((

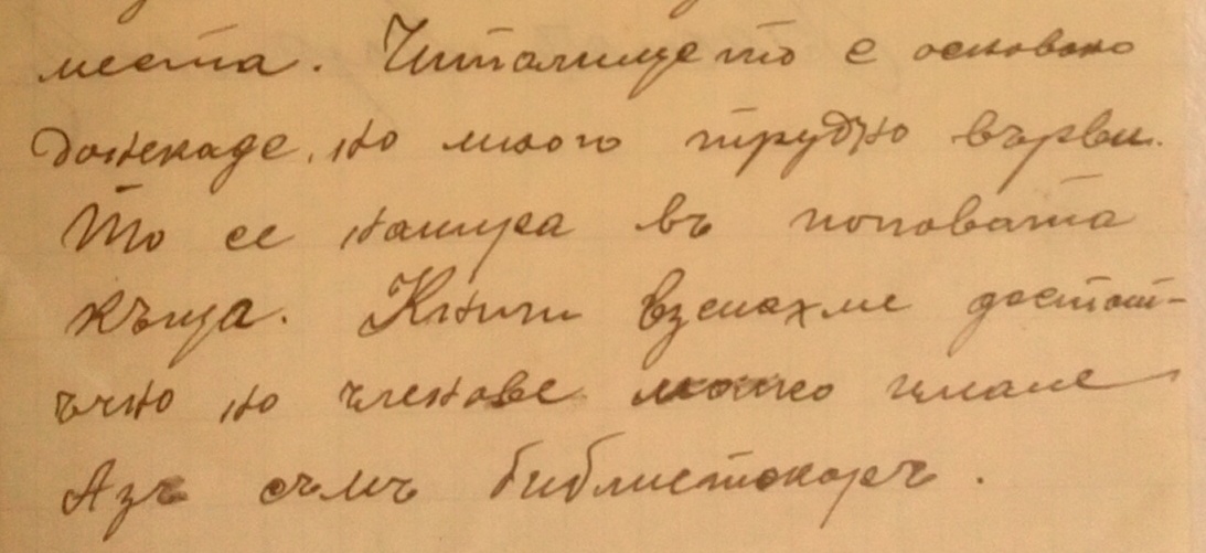 Читалището е основано донякъде, но много трудно върви. То се намира в поповата къща./поп Марко/ Книги взехме достатъчно но членове малко имаме. Аз съм библиотекар.
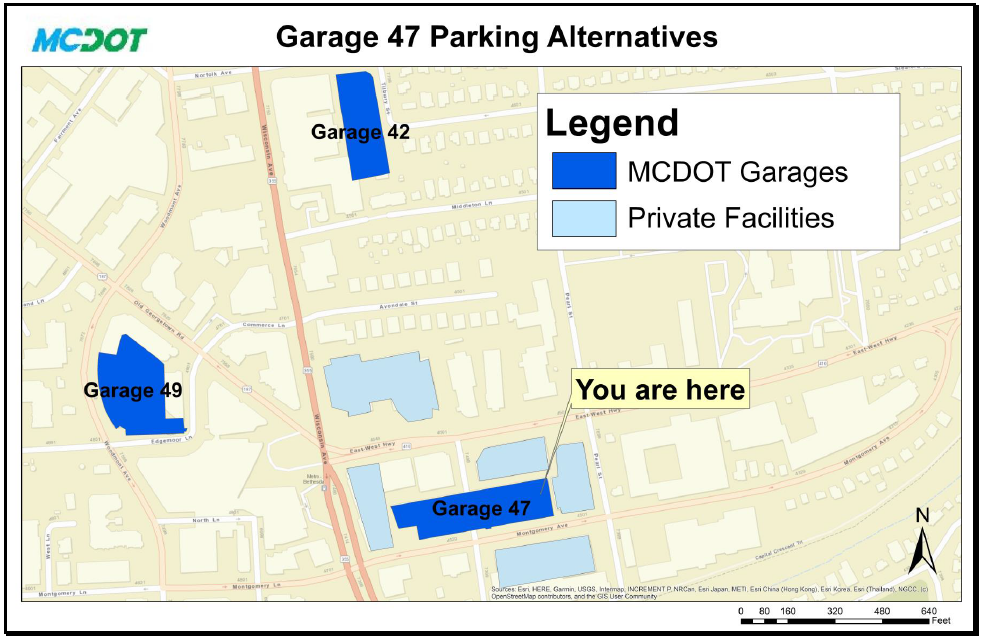 Beginning April 1, 2020, Montgomery County Department of Transportation (MCDOT), Division of Parking Management has temporarily closed portions portions of the Waverly Garage (Garage 47) in Bethesda to public use, to facilitate the construction of Garage 47 rehabilitation project. This project consists of replacing the entire garage concrete decks in all elevated levels of the garage, replacing plumbing and electrical/lighting systems in the garage. Up to 250 long-term spaces will be closed at a time in the portion of the garage east of Waverly Street.
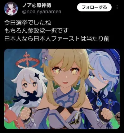 【画像】原神ファン、高市さんと参政党を応援する愛国者だった
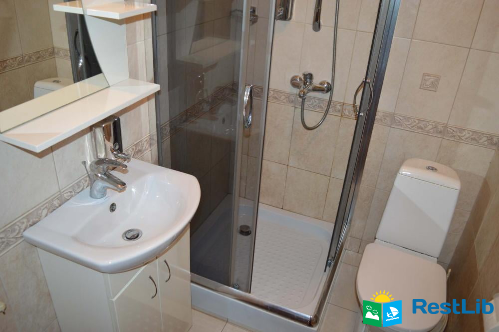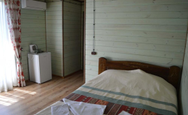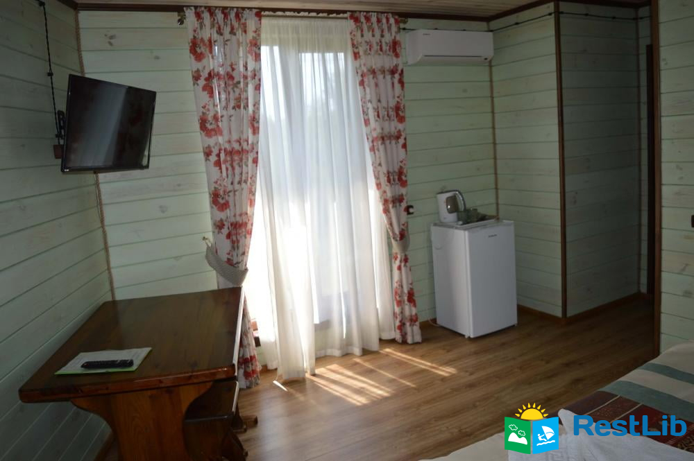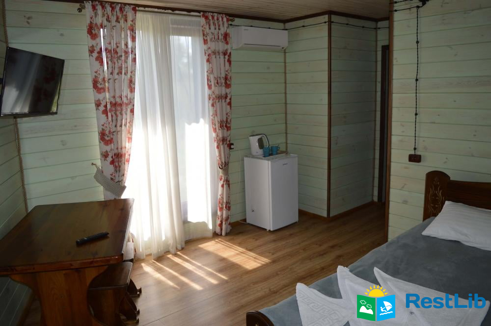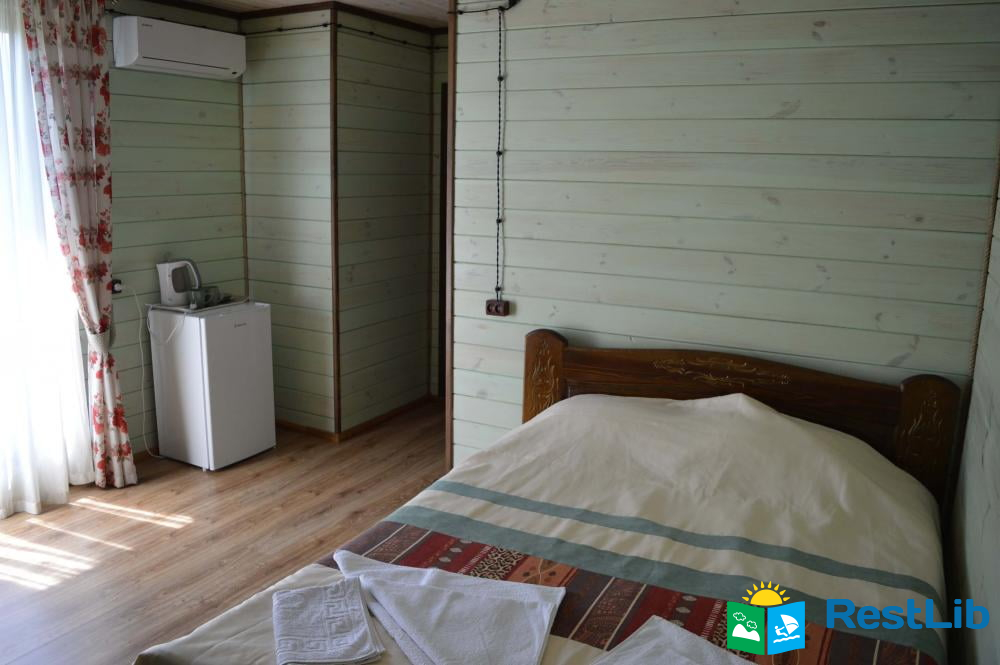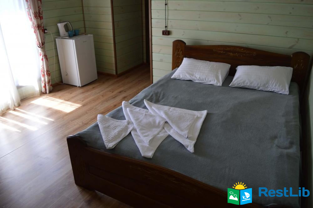 Номер однокімнатний : двоспальне ліжко, кондиціонер, холодильник, плазмовий телевізор, чайник, санвузол (душ, туалет, умивальник, фен), рушники
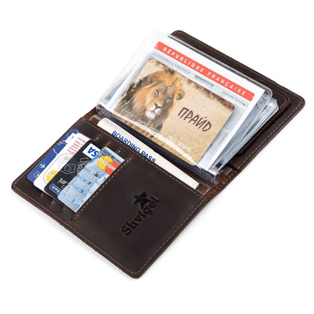 Многофункциональная кожаная обложка, из натуральной винтажной кожи, защитит Ваши документы от потертостей, грязи и других внешних факторов. Данный аксессуар является превосходным решением для подарка мужчине к любому празднику.
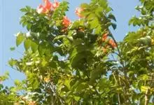火焰树是紫葳科、火焰树属乔木,树皮平滑,灰褐色。奇数羽状复叶,对生,连叶柄长达45厘米;小叶13-17枚,叶片椭圆形至倒卵形,伞房状总状花序,顶生,密集;被褐色微柔毛,具有明显的皮孔;花冠一侧膨大,…全部>>
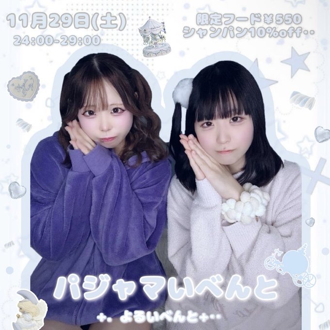 群馬・高崎 Concept Cafe&Bar i高崎コンセプトカフェ&バー i@ccb_takasaki_i·本日はぱじやまイベント1日目🐑💤 ということで、女の子が自前のパジャマでのお給仕でした🌙 ずーっとわいわい晩酌ができてたのしかったです🎶 ぜひ明日もお待ちしております(՞っ ̫ _՞)ᐝ 11/19のお給仕めんばー💌♥️ ❤︎れお ❤︎ぽめ ❤︎らむね ❤︎とあ2112
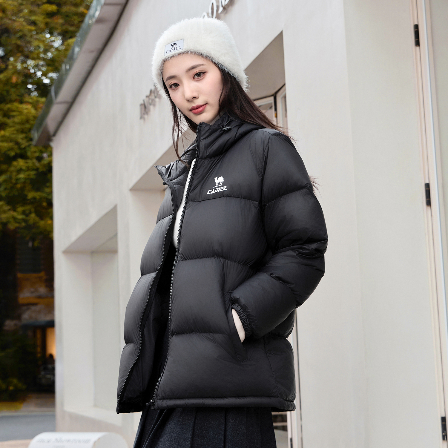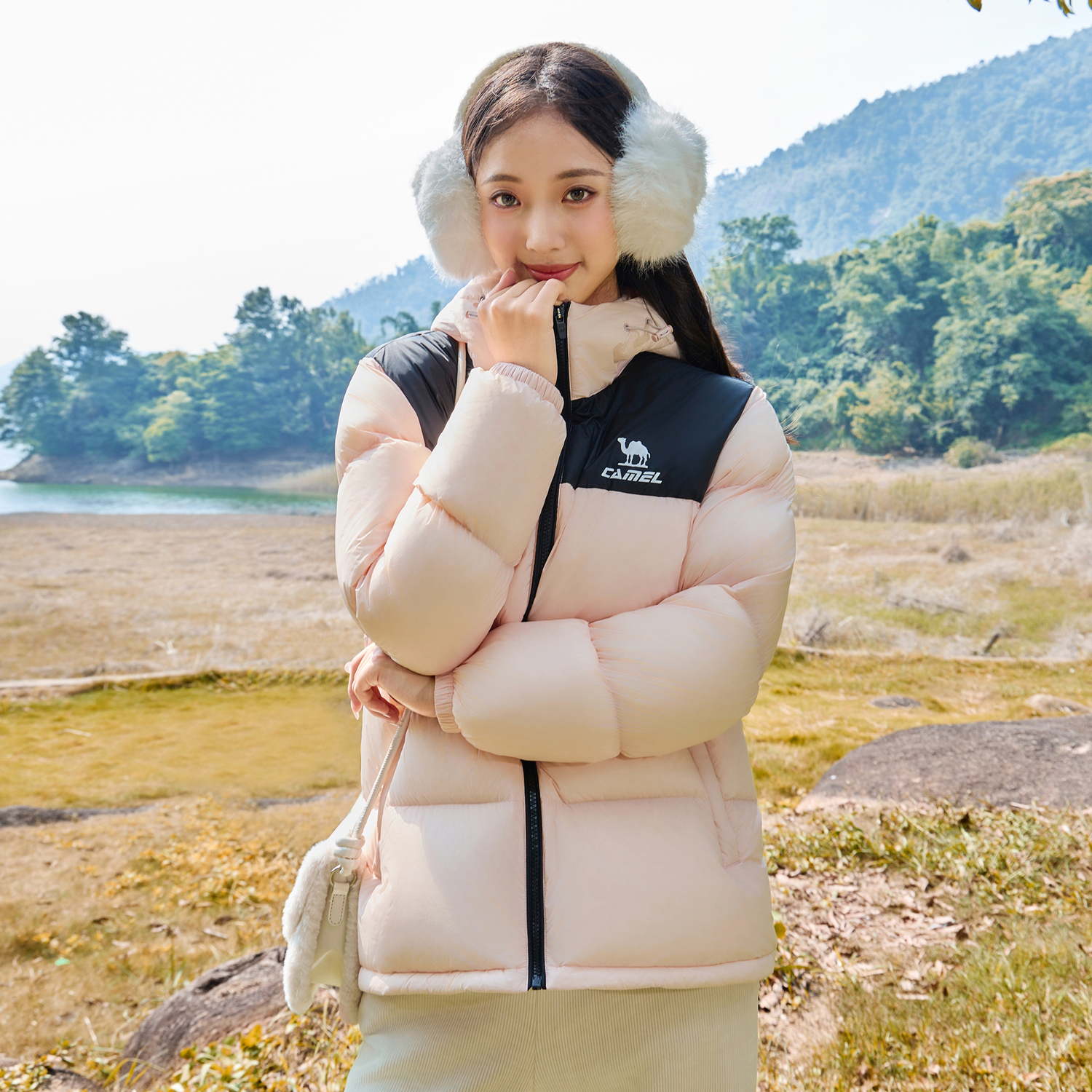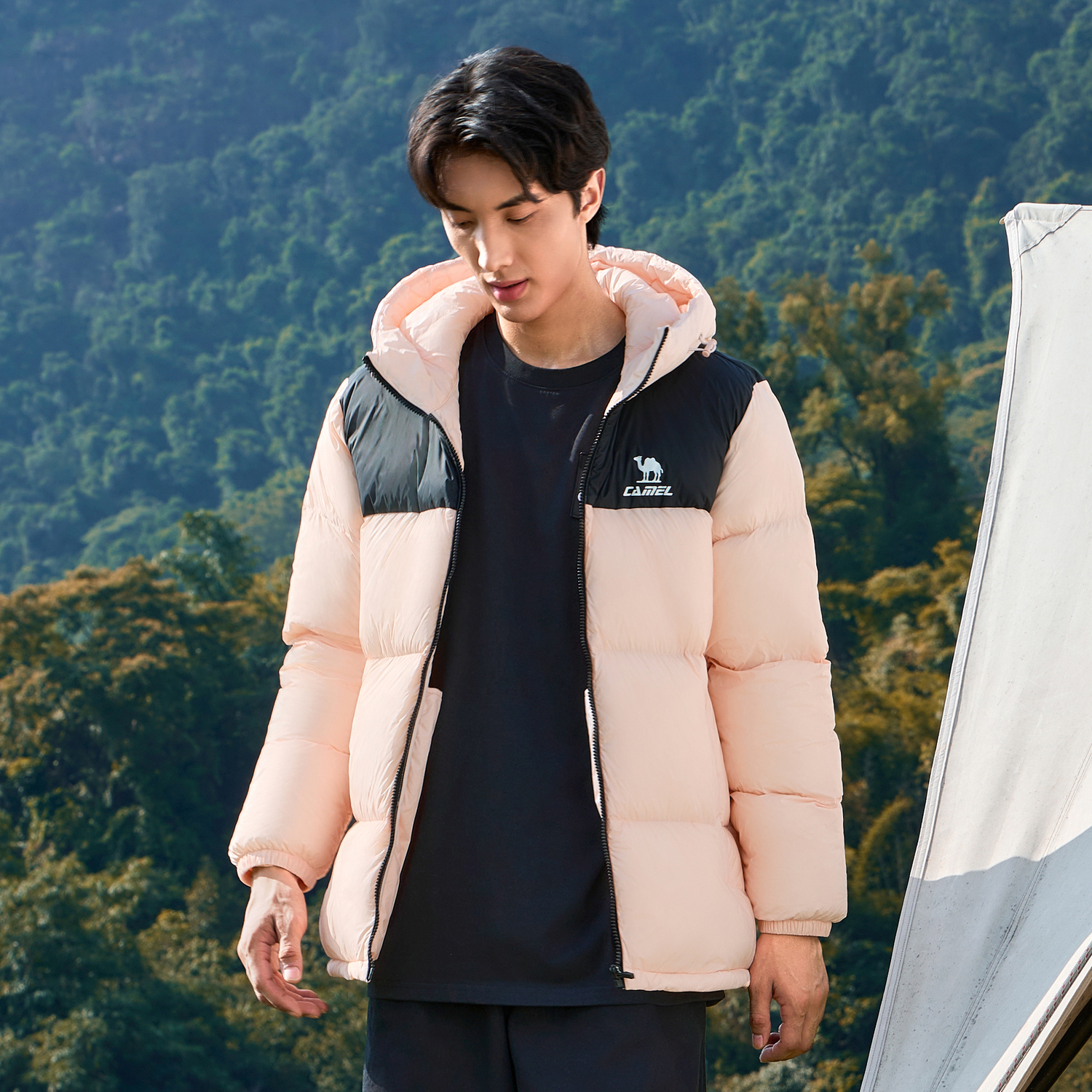 Теплая флисовая серия пуховик унисекс CAMEL, Фейерверк Розовый/Фантом Черный

))

● Prompt:
In the entries above, find the line containing "火焰树是紫葳科、火焰树属乔木"; transcribe exactly that line and every line after it through the end, and only those, omitting pictures.

● Finished task:
火焰树是紫葳科、火焰树属乔木,树皮平滑,灰褐色。奇数羽状复叶,对生,连叶柄长达45厘米;小叶13-17枚,叶片椭圆形至倒卵形,伞房状总状花序,顶生,密集;被褐色微柔毛,具有明显的皮孔;花冠一侧膨大,…全部>>
 群馬・高崎 Concept Cafe&Bar i高崎コンセプトカフェ&バー i@ccb_takasaki_i·本日はぱじやまイベント1日目🐑💤 ということで、女の子が自前のパジャマでのお給仕でした🌙 ずーっとわいわい晩酌ができてたのしかったです🎶 ぜひ明日もお待ちしております(՞っ ̫ _՞)ᐝ 11/19のお給仕めんばー💌♥️ ❤︎れお ❤︎ぽめ ❤︎らむね ❤︎とあ2112
 Теплая флисовая серия пуховик унисекс CAMEL, Фейерверк Розовый/Фантом Черный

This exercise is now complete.